*** Opening of Records for this exercise ***
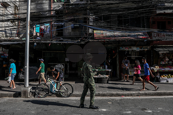A policeman stands along a street to check that enough social distance is maintained to slow the spread of the coronavirus during a lockdown in Manila, Philippines.
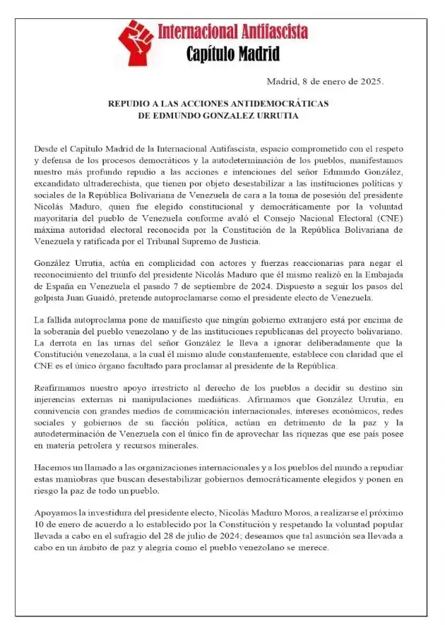 Por otro lado, la Internacional Antifascista, capítulo Madrid, lanzó igualmente un comunicado repudiando lo que considera «acciones antidemocráticas» del excandidato opositor Edmundo González.
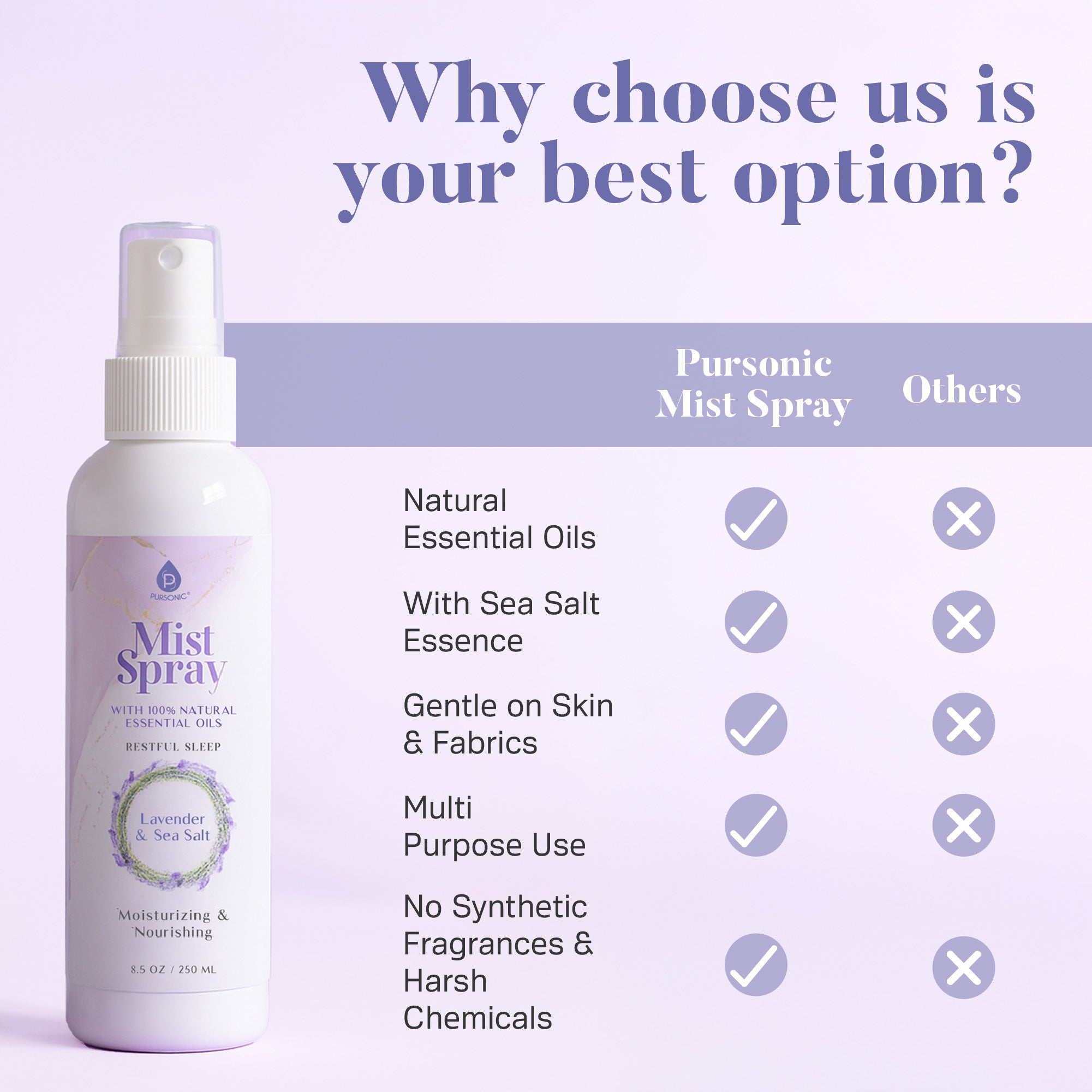 Whether you're winding down for the night, refreshing your space, or treating your senses to a midday pick-me-up, the Pursonic Mist Spray with Natural Essential Oils  delivers pure botanical bliss in every spritz.
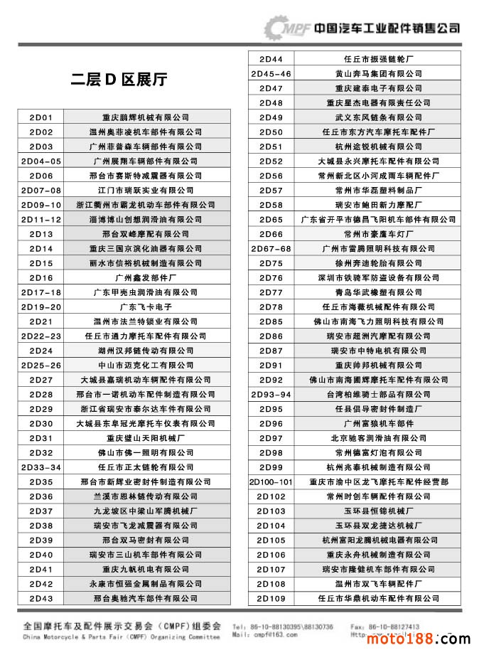 第33屆春季(濟南)全國摩托車及配件展示交易會參展單位名錄
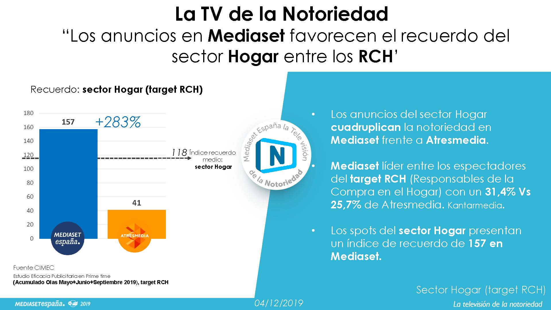 • Los datos acumulados de las Olas de los meses de Mayo, Junio y Septiembre de 2019 del Tracking de Notoriedad Publicitaria realizado por el Instituto CIMEC, demuestran que los spots del sector Hogar se recuerdan casi cuatro veces más en Mediaset que en Atresmedia entre los Responsables de la Compra en el Hogar (RCH).
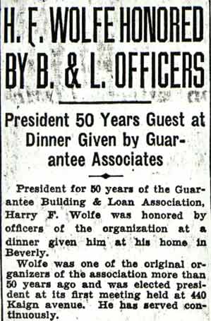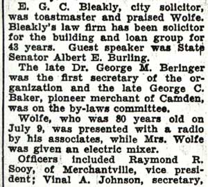 HARRY F. WOLFE was born July 9, 1856 to John and Eliza Wolfe. The family lived at 302 Cherry Street in Camden at the time of the 1880 census. Harry Wolfe was then 24, and working as a salesman. His father and younger brother John were working as wool graders. By 1887 Harry Wolfe had opened a grocery at South 3rd and Cherry Street. His business thrived, and in 1886 he helped organize the Guarantee Building & Loan Association. At the Association's first meeting, at 440 Kaighn Avenue, Harry F. Wolfe was elected president. He served continuously in that capacity for 50 years. The first secretary was prominent Camden pharmacist Dr. George M. Beringer, and George C. Baker was one of the original members of the by-laws committee. In 1936, the directors included Dr. Conrad G. Hoell, George Beringer Jr., and Clarence Scull, of the Scull coffee family. Harry Wolfe married late in life, at the age of 43. He and wife Sadie had at least one son Joseph, who was born around 1907. By 1930 he had moved from Camden to 40 Franklin Avenue in Edgewater Park NJ. Harry Wolfe also served the community as Camden's Receiver of Taxes at the turn of the century. Harry Wolfe was still living in Edgewater Park in August of 1936, when a dinner was given in his honor, recognizing his service. |
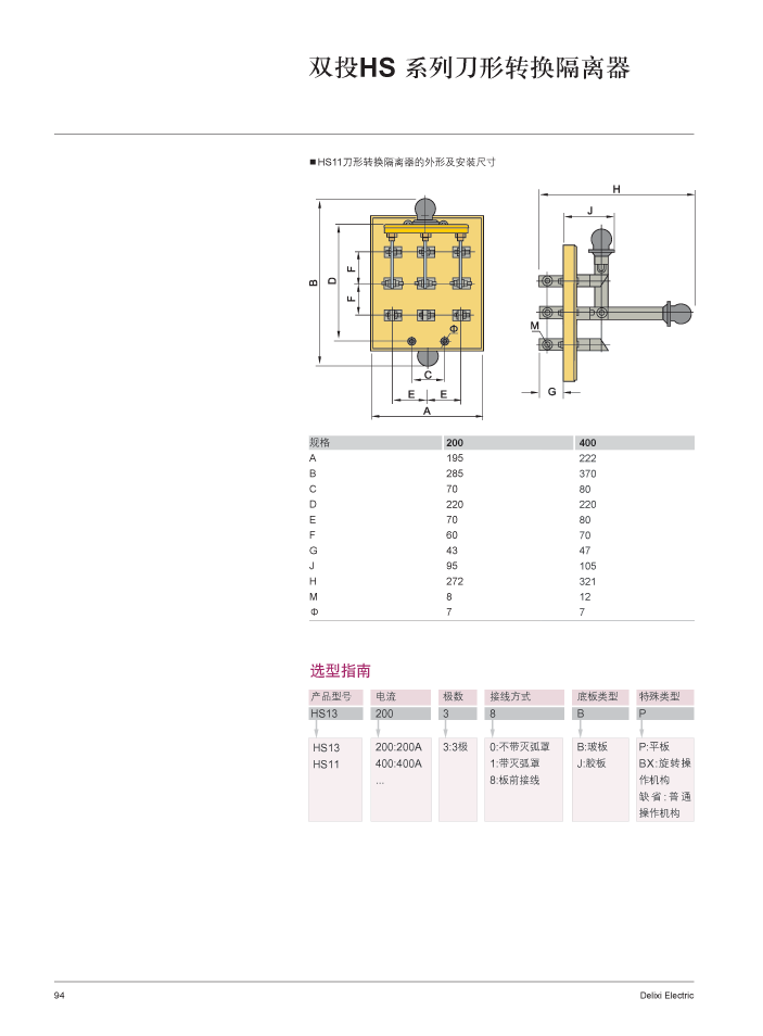 - 型号:HS系列刀形转换隔离器,配型选型开关容量,外形图片
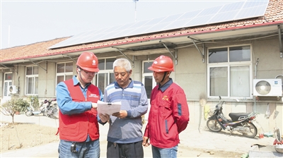 工作人員正在對光伏發(fā)電并網(wǎng)項(xiàng)目運(yùn)行情況進(jìn)行回訪。
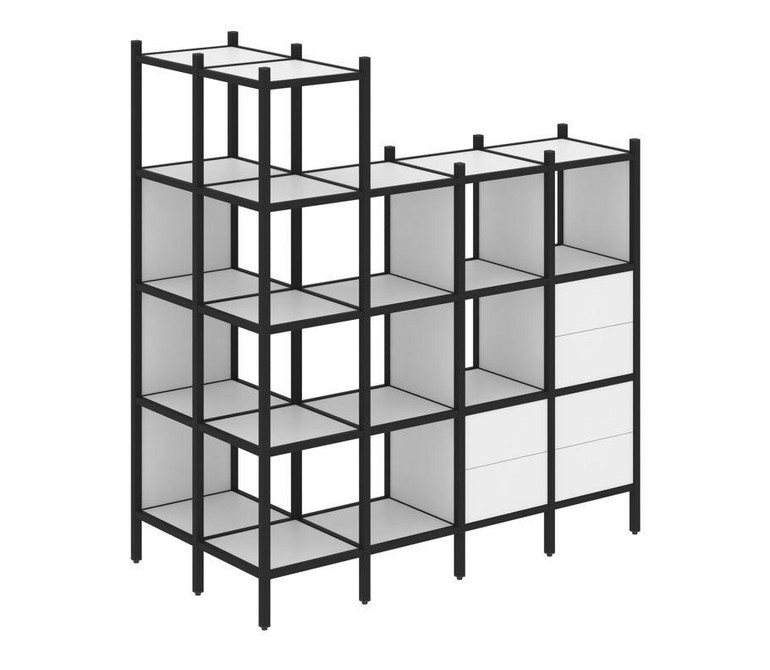 Loft Угловой внешний стеллаж наборный VR.L-57 Белый Бриллиант/Металл Черный 862*1694*1869
*** Close of Records for this exercise ***
## What is being asked
Set down a word-for-word copy of the records, dropping any picture.

## Response area
A policeman stands along a street to check that enough social distance is maintained to slow the spread of the coronavirus during a lockdown in Manila, Philippines.
 Por otro lado, la Internacional Antifascista, capítulo Madrid, lanzó igualmente un comunicado repudiando lo que considera «acciones antidemocráticas» del excandidato opositor Edmundo González.
 Whether you're winding down for the night, refreshing your space, or treating your senses to a midday pick-me-up, the Pursonic Mist Spray with Natural Essential Oils  delivers pure botanical bliss in every spritz.
 第33屆春季(濟南)全國摩托車及配件展示交易會參展單位名錄
 • Los datos acumulados de las Olas de los meses de Mayo, Junio y Septiembre de 2019 del Tracking de Notoriedad Publicitaria realizado por el Instituto CIMEC, demuestran que los spots del sector Hogar se recuerdan casi cuatro veces más en Mediaset que en Atresmedia entre los Responsables de la Compra en el Hogar (RCH).
 HARRY F. WOLFE was born July 9, 1856 to John and Eliza Wolfe. The family lived at 302 Cherry Street in Camden at the time of the 1880 census. Harry Wolfe was then 24, and working as a salesman. His father and younger brother John were working as wool graders. By 1887 Harry Wolfe had opened a grocery at South 3rd and Cherry Street. His business thrived, and in 1886 he helped organize the Guarantee Building & Loan Association. At the Association's first meeting, at 440 Kaighn Avenue, Harry F. Wolfe was elected president. He served continuously in that capacity for 50 years. The first secretary was prominent Camden pharmacist Dr. George M. Beringer, and George C. Baker was one of the original members of the by-laws committee. In 1936, the directors included Dr. Conrad G. Hoell, George Beringer Jr., and Clarence Scull, of the Scull coffee family. Harry Wolfe married late in life, at the age of 43. He and wife Sadie had at least one son Joseph, who was born around 1907. By 1930 he had moved from Camden to 40 Franklin Avenue in Edgewater Park NJ. Harry Wolfe also served the community as Camden's Receiver of Taxes at the turn of the century. Harry Wolfe was still living in Edgewater Park in August of 1936, when a dinner was given in his honor, recognizing his service. |
 - 型号:HS系列刀形转换隔离器,配型选型开关容量,外形图片
 工作人員正在對光伏發(fā)電并網(wǎng)項(xiàng)目運(yùn)行情況進(jìn)行回訪。
 Loft Угловой внешний стеллаж наборный VR.L-57 Белый Бриллиант/Металл Черный 862*1694*1869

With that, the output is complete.